I sprint like a gremlin let loose from hell, branches slicing my arms and mud flying up my legs with every limping step. My broken heel makes me lurch sideways like a drunk flamingo, but I refuse to stop. I don't stop until the sounds of the party, the cheering, the laughter, his name—"Caleb!"—fade into nothing but my pathetic hiccups and the sound of my own ragged breathing.
The forest is a blur of green and brown and why-am-I-like-this. Pine needles catch in my already worm-infested hair, adding texture to what is rapidly becoming the world's most disgusting hairstyle. My remaining heel keeps catching on roots and rocks, making me stumble and curse with every other step.
The trees close around me like they're trying to hide my shame from the world. Sunlight filters through the canopy in golden shafts, illuminating the cloud of gnats that have decided my mud-caked skin is their new favorite buffet. I swat at them, but they just swarm thicker, attracted by the cocktail of sweat, desperation, and earth that's currently coating every inch of me.
My dress—what's left of it—clings to my body in all the wrong places. The carefully curled hair that took Amy an hour to perfect is now a tangled mess of mud, leaves, and what I'm pretty sure is a small twig. The rhinestones on my eyelids have mostly fallen off, leaving behind crusty patches of craft glue that make me look like I have some kind of rare skin condition.
I don't even think. I see the lake and dive straight into it like a deranged nymph trying to baptize herself from embarrassment.
The water hits me like a slap of reality. Cold, shocking, immediate. One second I'm muddy, sweaty, covered in someone's frosting and my own poor life choices, and the next—I'm sinking.
The lake accepts me with open arms, wrapping around my body like it's been waiting for this moment. The surface closes over my head with barely a splash, sealing me into a world of muffled silence and panic.
Wait a minute.
Wait. WAIT.
SWEET BABY JESUS!
I can't swim.
The thought hits me at the same moment the water fills my nose. Of course I can't swim. I'm a werewolf who lives in the mountains. When would I have learned to swim? Our idea of water sports is drinking from streams and occasionally falling in them by accident.

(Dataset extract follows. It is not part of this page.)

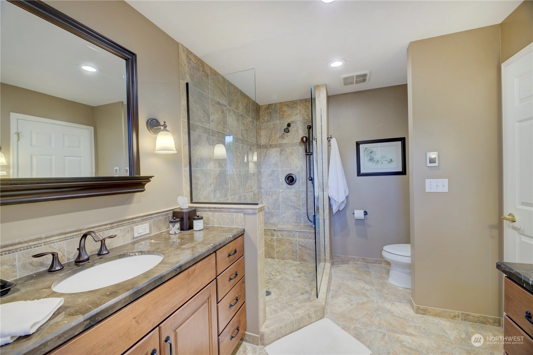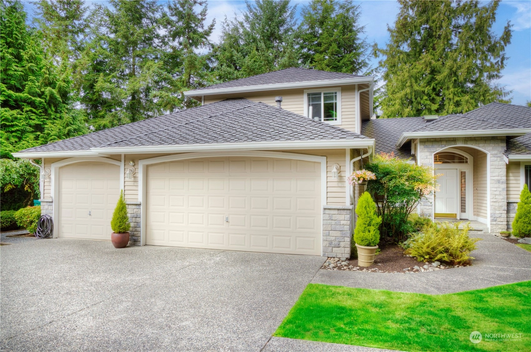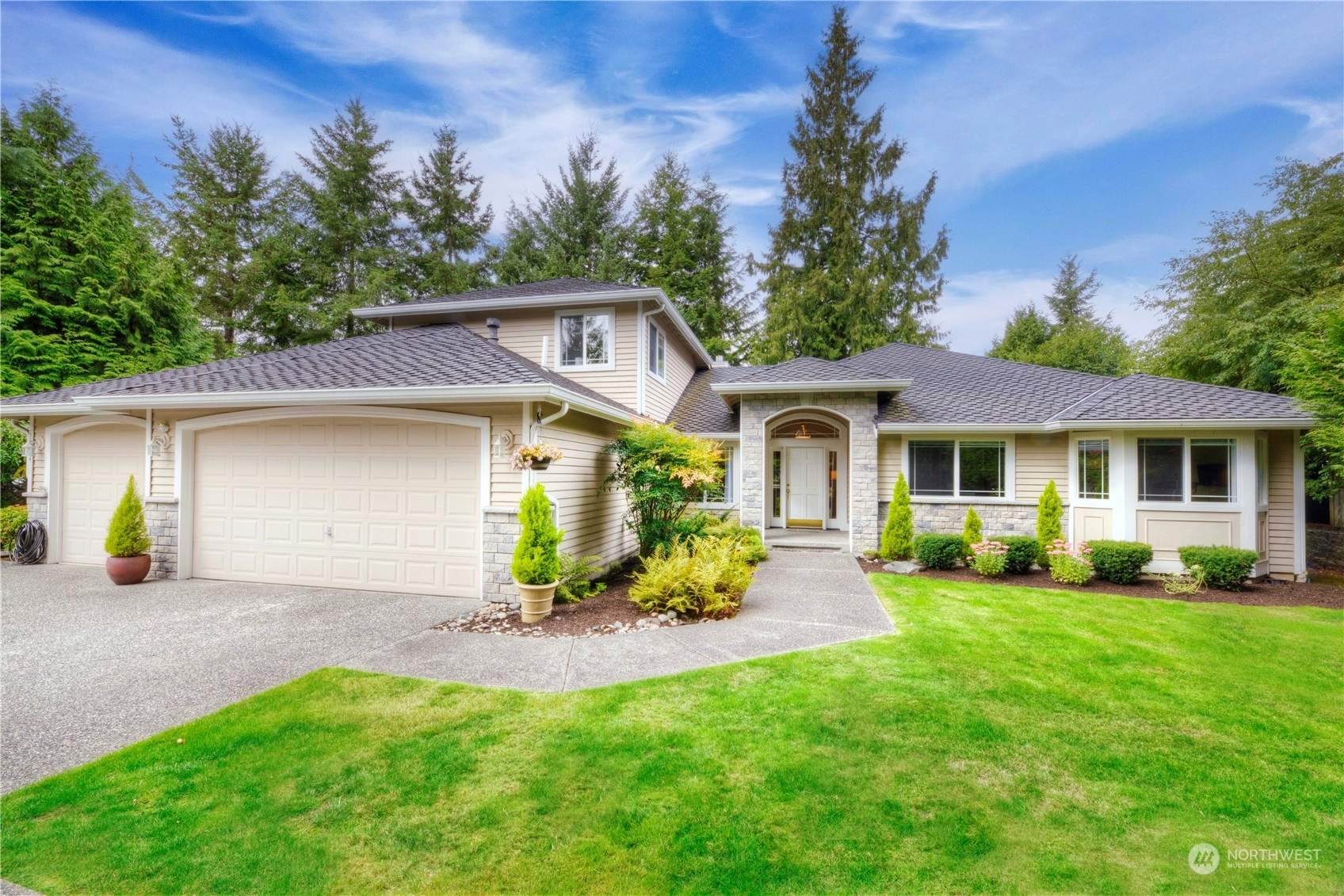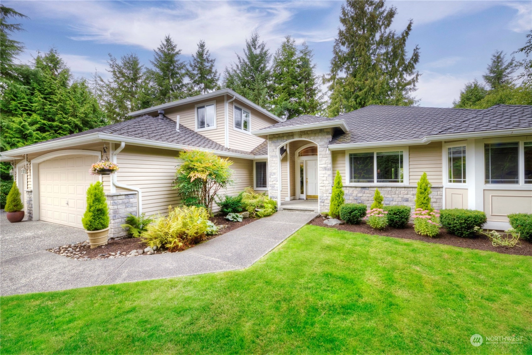 Rare rambler in the Aspen division of Mill Creek with a guest suite above the 3 car garage. Private park-like setting. This one owner custom-built home has been extensively updated over the past 24 years. Open, well-lighted floorplan. Chef's kitchen with stainless appliances, 2 way gas log FPL between the family/living areas, oversized primary bedroom with large walk-in closet and attached remodeled bathroom with heated floor. 2 add'l bedrooms, formal dining area, remodeled main bathroom and half bath, a nice size den and laundry room complete the main level amenities. Hardwoods resurfaced! 50 year roof installed in 2013. Owner is a licensed RE Broker. Seller to pay up to $15K towards buyer's allowable closing costs, prepaids or buydowns!

My limbs flail, slapping the water like a dying squid having a seizure. Panic sets in faster than I can inhale—which is difficult because I'm currently underwater and breathing liquid instead of air. The lake closes around me like a secret, dark and cold and completely indifferent to my teenage drama.

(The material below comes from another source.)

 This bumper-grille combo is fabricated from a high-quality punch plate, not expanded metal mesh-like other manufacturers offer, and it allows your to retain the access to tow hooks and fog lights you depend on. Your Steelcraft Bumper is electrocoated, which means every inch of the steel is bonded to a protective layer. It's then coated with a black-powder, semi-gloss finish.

It's quiet down here. Too quiet. Peaceful, even, if you ignore the whole actively-drowning situation.
Which is insane, because I'm dying.
Actually dying. Like, this is how I go out. Not in glorious battle against vampires. Not saving the pack from some ancient evil. Not even in a car accident or food poisoning or something normal.
No, I'm going to die because I threw myself into a lake after getting rejected by a boy who probably doesn't even know my middle name.
I thrash harder, but every move drags me deeper. My boots—my stupid, expensive, birthday boots—are soaked and heavy as anchors, dragging me down like they have a personal vendetta against my survival. My hair is a wet wig from hell sticking to my face, blinding me and somehow managing to get into my mouth along with half the lake.
I open my mouth to scream, but only bubbles come out, floating up toward the surface I can no longer see. Even my death is trying to be polite, producing tiny silver spheres instead of the blood-curdling shriek I was aiming for.
The water tastes like fish pee and regret.
My thoughts flash through my head like a TikTok reel on 2x speed:
*I will haunt Caleb so hard.
*What if they think I did this on purpose?
*I didn't even get a slice of my own cake.
*Do fish… eat faces?
*Is drowning supposed to hurt this much?
*Amy's going to give the worst eulogy.
*They're going to find my body and I'm still covered in mud.
*What if that worm is still in my hair when they fish me out?
*Oh God, what if they don't find me at all and I just become lake fertilizer?
The water presses in from all sides, heavier than I expected, like it has weight and intention. My chest burns with the effort of not breathing, but my body is starting to betray me, demanding oxygen I can't provide. My brain goes fuzzy around the edges, thoughts becoming slippery and strange.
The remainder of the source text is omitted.